Step 4: Examine the Resume Devices Duration

Device drivers may become a source of boot delays. To identify drivers that have issues, drill down into the Resume Devices Duration metrics to find problems.

  1. Click the chevron next to the Main Path Boot Duration to expand it.

  2. Find the Resume Devices Duration metric, expand the node by clicking on the chevron, and then view the sub-metrics under the Processes Per Phase metric.

  3. Right-click the computer name column header of the test results column and then select Sort Descending. This sorts the data so that the largest numbers are at the top. This allows you to focus on the tasks that have the longest duration.

  4. Each row represents the amount of time a device took to resume to an active power state.

    Sample screenshot of assessment results showing multiple properties under Resume Devices Duration including Overall CPU and Disk Utilization, Disk Usage, and Processes per Phase

Step 5: Determine the Hiberfile size

  1. Click the chevron next to the Hiberfile Read Duration to expand it.

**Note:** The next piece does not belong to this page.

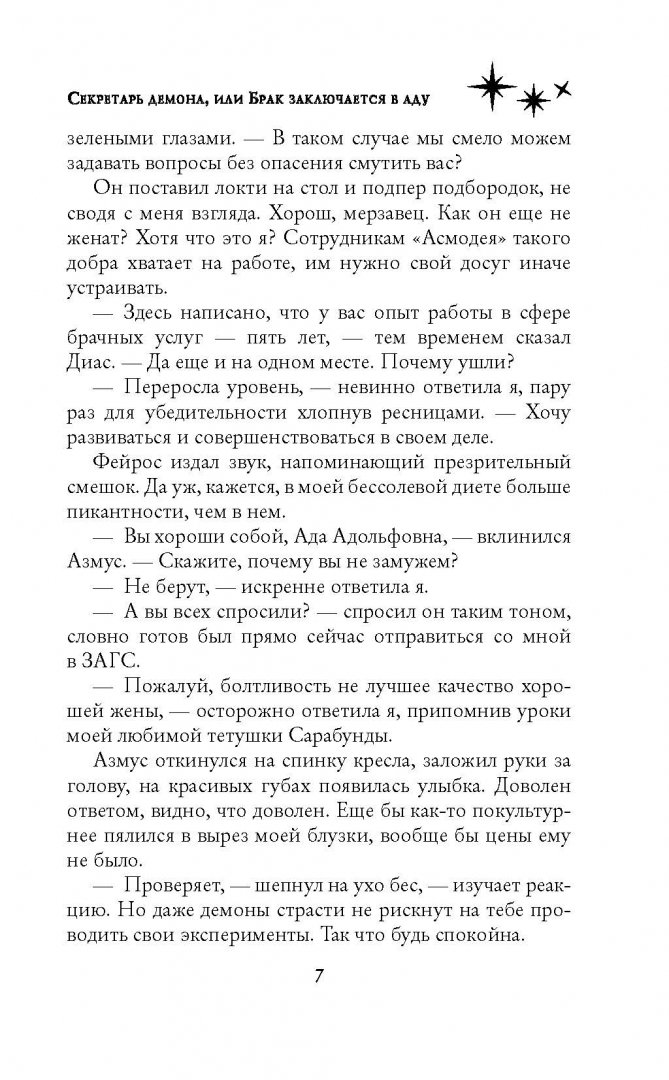 ОписаниеБрак заключается на небесах? Как бы не так! Иначе почему столько потом проблем в семейной жизни?Ответ на этот вопрос и многие другие я узнала, когда попала секретарём в брачное агентство "Асмодей" и получила сразу трёх начальников. Страсти кипят, работа не стоит на месте, всем обратившимся нужно отыскать пару. А мне регулярно шлет подарки таинственный незнакомец, и надо с этим срочно разобраться!Брак заключается на небесах? Как бы не так! Иначе почему столько потом проблем в семейной жизни?Ответ на этот вопрос и многие другие я узнала, когда попала секретарём в брачное агентство "Асмодей" и получила сразу трёх начальников. Страсти кипят, работа не стоит на месте, всем обратившимся нужно отыскать пару. А мне регулярно шлет подарки таинственный незнакомец, и надо с этим срочно разобраться!

    The Hiberfile size metric represents the amount of data read from disk to restore the system context through the hibernation stack.

    • The larger the size of the file, the longer it takes for the system to boot. The size of the file is directly impacted by memory usage from services and drivers.

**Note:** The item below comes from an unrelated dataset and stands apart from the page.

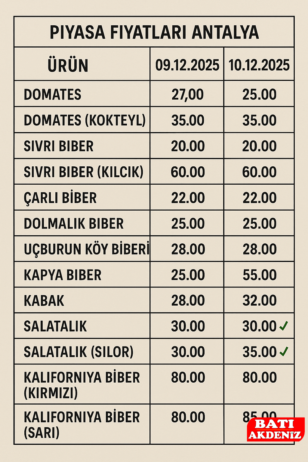Antalya, Türkiye’nin yaş sebze-meyve üretiminde öncü şehirlerinden biri olduğu için hal fiyatları sadece üreticiyi değil; zincir marketleri, pazarcıları ve tüketicileri de yakından ilgilendiriyor.

    • To get an estimate of the disk read throughput (in MB/s), you can divide Hiberfile size by the Hiberfile Read Duration metric. If there’s a significant discrepancy between this throughput and the drive’s specification, this might indicate a problem with the driver or the BIOS storage read routines.

  2. To analyze the content of the hiberfile and determine what software components contribute to its size, expand the Hiberfile Diagnostic metric. Two types of memory contribute to the hiberfile size:

    • Driver non-paged pool memory

    • Process working sets

Sample screenshot of assessment results showing multiple properties below Hiberfile Diagnostic including Outstanding Non Paged Pool Allocations, other allocations, and Working Sets by Process

Step 6: Examine the Post On/Off Duration

The Post On/Off Duration value represents the time it takes for the computer to reach an idle state after the desktop is displayed to the user. During this time, user responsiveness can be affected because system startup is completing in the background. The Post On/Off process completes after five seconds of low priority CPU and storage usage are accumulated.

  1. Expand the Post On/Off Duration (Milliseconds) node.

  2. Expand the Processes Per Phase node to display a sub-table with metrics on the individual apps and services that use CPU and storage during this phase.

  3. Right-click the last column heading of that table, and then select Sort descending.

Sample screenshot of assessment results showing multiple properties under Post On/Off Duration including Overall CPU and Disk Utilization and Processes per Phase

You can now identify processes that contribute to the phase duration. The more resources the process consumes, the more likely it affects the phase duration and should be investigated further.

Step 7: Open Fast Startup trace with WPA

The Fast Startup assessment generates three types of iterations traces:

Iteration Type Description
Training The assessment reboots the system six times to make sure that all OS components involved in the boot process are optimized (prefetcher, superfetch, etc.).
Timing These traces (gathered) are used to compute the average measurement displayed in the XML report. The default number of iterations is three, but can be adjusted though the assessment configuration.
Analysis A single trace is captured that contains detailed events and stacks in order to allow deep dive investigation into performance issues. The trace is larger in size.

If you want to open one of the traces generated by the assessment, follow these steps:

  1. Click on the report table header cell.

    The right pane in the WAC UI updates and shows links to the ETL traces captured by the assessment.

    Sample screenshot of trace results generated by the assessement.

  2. Click on the Analysis trace link.

    WPA automatically opens the trace so you can start your investigations. Exercise 2 of this guide will walk you through some analysis methodologies.